The Court of Appeal also held that legal advice given to head off/avoid reasonably contemplated proceedings is as much protected by litigation privilege as advice given for the purpose of defending or settling such proceedings.
As far as legal advice privilege is concerned, the finding on litigation privilege in favour of ENRC meant that this did not need to be considered in detail. Notwithstanding, the Court of Appeal appeared uncomfortable with decision in Three Rivers (No. 5) in its restriction in scope of legal advice privilege to communications to and from employees tasked with seeking and receiving such advice on behalf of the client; however, the Court of Appeal made clear that if that case is to be overturned that was a matter for the Supreme Court.
Similarly, the Court of Appeal declined to decide whether it was correct that lawyers’ working papers are only protected by legal advice privilege if their disclosure would betray the tenor of the legal advice leaving this also as a matter for the Supreme Court.
The Court of Appeal was clearly influenced the public interest policy behind the “self-reporting” regimes of permitting companies to investigate allegations from whistle-blowers or investigative journalists, prior to going to the SFO (or similar), without losing the benefit of legal professional privilege for the work product and consequences of their investigation.
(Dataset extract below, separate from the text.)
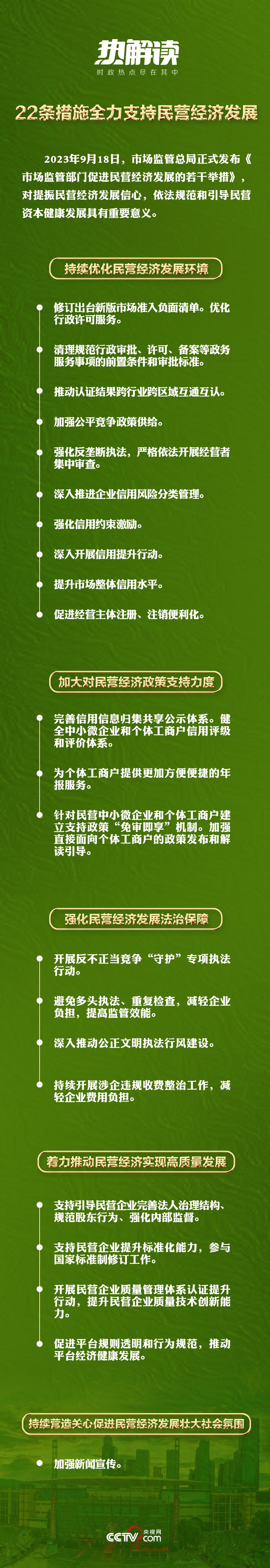 2023年7月14日,中共中央國(guó)務(wù)院出臺(tái)《關(guān)于促進(jìn)民營(yíng)經(jīng)濟(jì)發(fā)展壯大的意見》,對(duì)促進(jìn)民營(yíng)經(jīng)濟(jì)發(fā)展壯大作出新的重大部署。2023年9月18日,市場(chǎng)監(jiān)管總局發(fā)布《市場(chǎng)監(jiān)管部門促進(jìn)民營(yíng)經(jīng)濟(jì)發(fā)展的若干舉措》,通過22條措施為全力支持民營(yíng)經(jīng)濟(jì)發(fā)展設(shè)計(jì)了具體落實(shí)的“施工圖”。

Absent such comfort, the more attractive option could become to do nothing and see if prosecution ever materialises, rather than risk self-incrimination through such proactive self-investigation.
The Court of Appeal judgment also makes clear that although a higher standard of certainty may be required for any criminal prosecution to ensue (for instance, the burden of proof is usually “beyond reasonable doubt”, rather than the balance of probabilities), there is no general principle that litigation privilege cannot attach until either a defendant knows the full details of what is likely to be unearthed or a decision to prosecute has been taken. That said, such analysis will remain fact-sensitive in all the circumstances as to whether a criminal prosecution has been clearly intimated and, similarly, as to whether privilege has in fact been “waived” (in this case it was noted that the SFO had never contended for a waiver of privilege). Furthermore, the decision has no bearing on regulatory, as opposed to criminal investigations, where litigation privilege is not available.
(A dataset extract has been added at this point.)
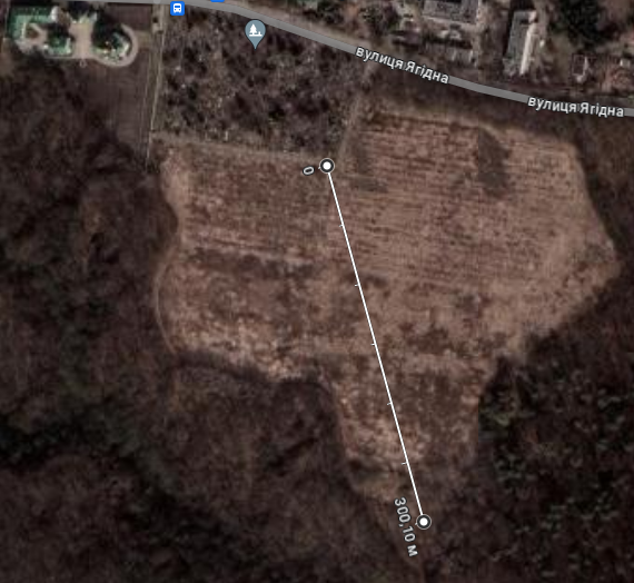 Але якщо відкрити мапу, то виявиться, що кладовище знаходиться на непарній стороні і не може бути під номером 24. Адреса вул. Ягідна, 24 - це зовсім інше місце за 850 метрів від кладовища:

Finally, if litigation privilege cannot be established, unless and until the Supreme Court revisits the issue, the restrictive interpretation of the client as those charged with obtaining legal advice on behalf of an organisation will prevail in determining whether legal advice privilege can be claimed as a fall-back. In view of the above, any party facing allegations of wrongdoing remains advised to obtain early professional guidance as to the proper categorisation of the matter, the handing of any investigation and the creation of communication lines both internally and externally.